> TO DO
Because the copy must hold no pictures, return the data below with all of its words intact.

Source data
=======

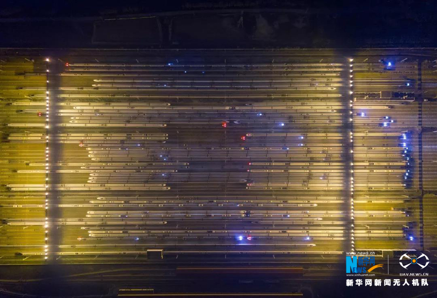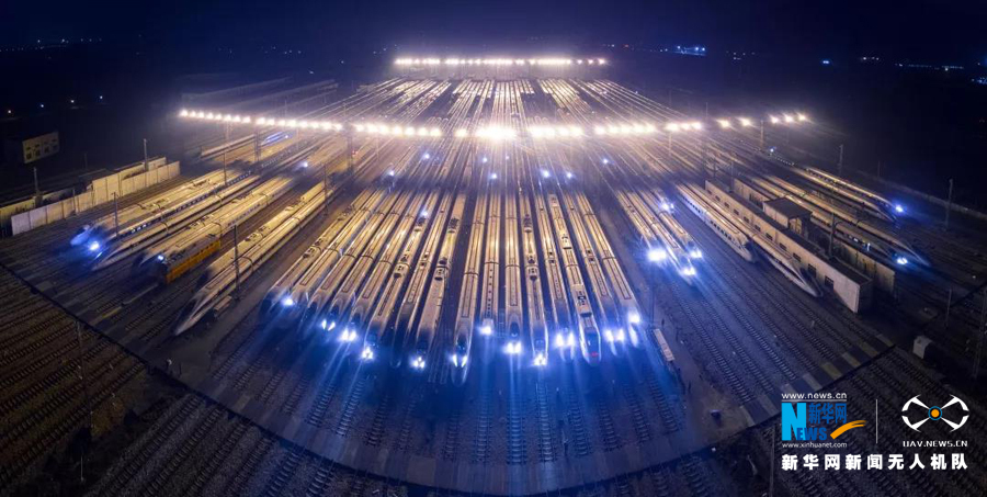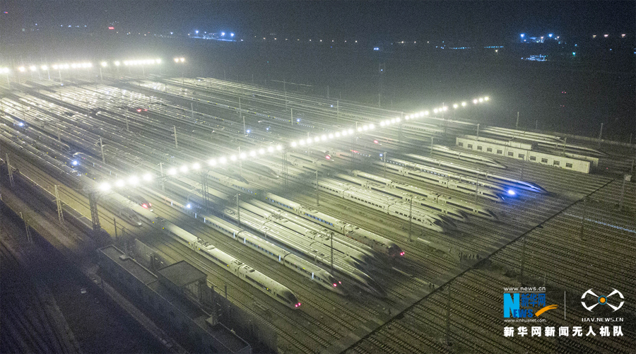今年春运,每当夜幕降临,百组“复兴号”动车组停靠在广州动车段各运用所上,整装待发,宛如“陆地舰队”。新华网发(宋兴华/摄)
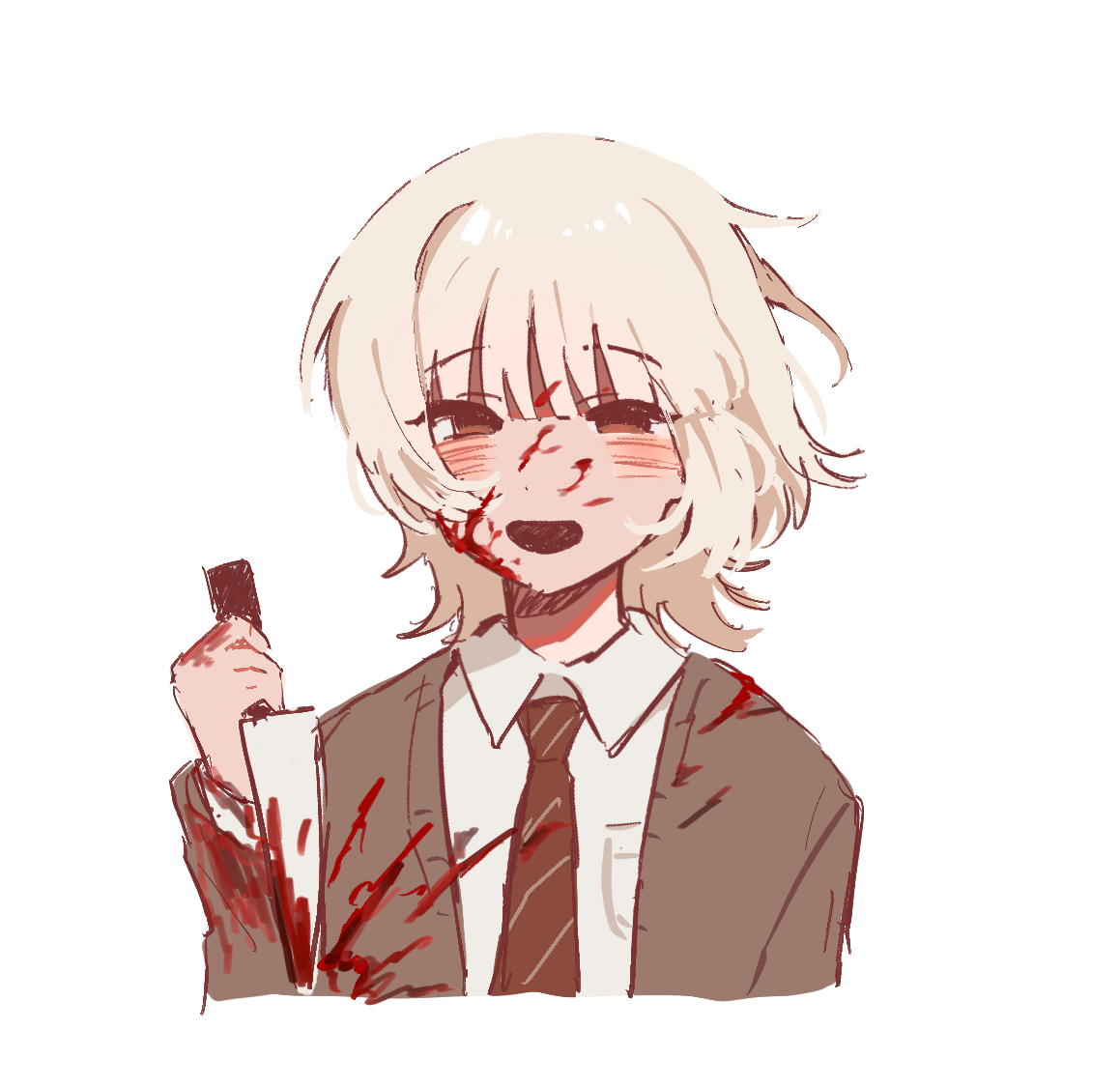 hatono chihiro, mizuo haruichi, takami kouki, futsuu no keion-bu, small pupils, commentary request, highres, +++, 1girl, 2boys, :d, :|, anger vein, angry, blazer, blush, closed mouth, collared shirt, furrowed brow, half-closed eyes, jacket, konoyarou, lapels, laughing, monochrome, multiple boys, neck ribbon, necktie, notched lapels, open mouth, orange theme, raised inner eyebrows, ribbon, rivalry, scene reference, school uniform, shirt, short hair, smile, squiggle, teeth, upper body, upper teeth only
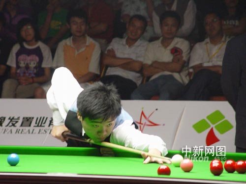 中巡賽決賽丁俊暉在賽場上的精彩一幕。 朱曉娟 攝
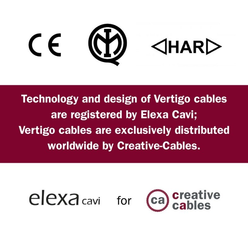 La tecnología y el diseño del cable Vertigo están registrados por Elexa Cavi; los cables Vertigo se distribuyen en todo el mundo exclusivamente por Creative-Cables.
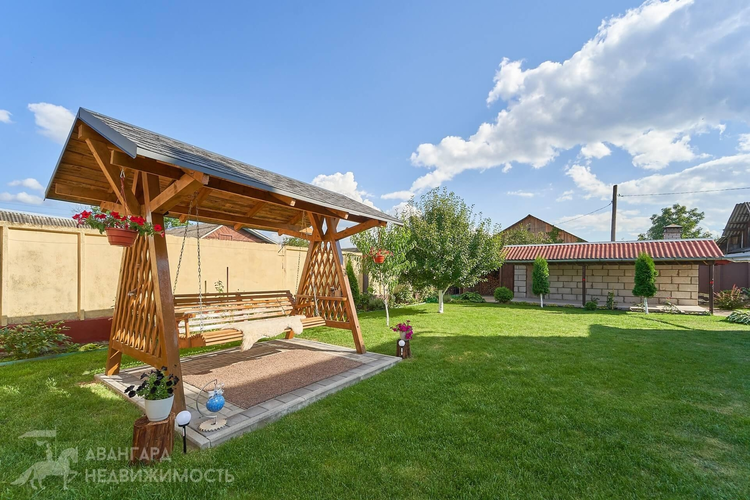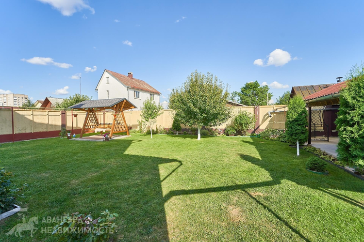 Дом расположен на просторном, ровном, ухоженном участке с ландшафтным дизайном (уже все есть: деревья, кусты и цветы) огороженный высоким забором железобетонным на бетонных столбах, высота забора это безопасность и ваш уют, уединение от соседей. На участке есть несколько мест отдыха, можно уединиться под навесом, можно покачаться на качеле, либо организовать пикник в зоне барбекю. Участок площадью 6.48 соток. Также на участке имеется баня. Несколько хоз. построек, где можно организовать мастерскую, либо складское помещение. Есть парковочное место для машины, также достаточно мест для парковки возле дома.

=======

> ANSWER SECTION
今年春运,每当夜幕降临,百组“复兴号”动车组停靠在广州动车段各运用所上,整装待发,宛如“陆地舰队”。新华网发(宋兴华/摄)
 hatono chihiro, mizuo haruichi, takami kouki, futsuu no keion-bu, small pupils, commentary request, highres, +++, 1girl, 2boys, :d, :|, anger vein, angry, blazer, blush, closed mouth, collared shirt, furrowed brow, half-closed eyes, jacket, konoyarou, lapels, laughing, monochrome, multiple boys, neck ribbon, necktie, notched lapels, open mouth, orange theme, raised inner eyebrows, ribbon, rivalry, scene reference, school uniform, shirt, short hair, smile, squiggle, teeth, upper body, upper teeth only
 中巡賽決賽丁俊暉在賽場上的精彩一幕。 朱曉娟 攝
 La tecnología y el diseño del cable Vertigo están registrados por Elexa Cavi; los cables Vertigo se distribuyen en todo el mundo exclusivamente por Creative-Cables.
 Дом расположен на просторном, ровном, ухоженном участке с ландшафтным дизайном (уже все есть: деревья, кусты и цветы) огороженный высоким забором железобетонным на бетонных столбах, высота забора это безопасность и ваш уют, уединение от соседей. На участке есть несколько мест отдыха, можно уединиться под навесом, можно покачаться на качеле, либо организовать пикник в зоне барбекю. Участок площадью 6.48 соток. Также на участке имеется баня. Несколько хоз. построек, где можно организовать мастерскую, либо складское помещение. Есть парковочное место для машины, также достаточно мест для парковки возле дома.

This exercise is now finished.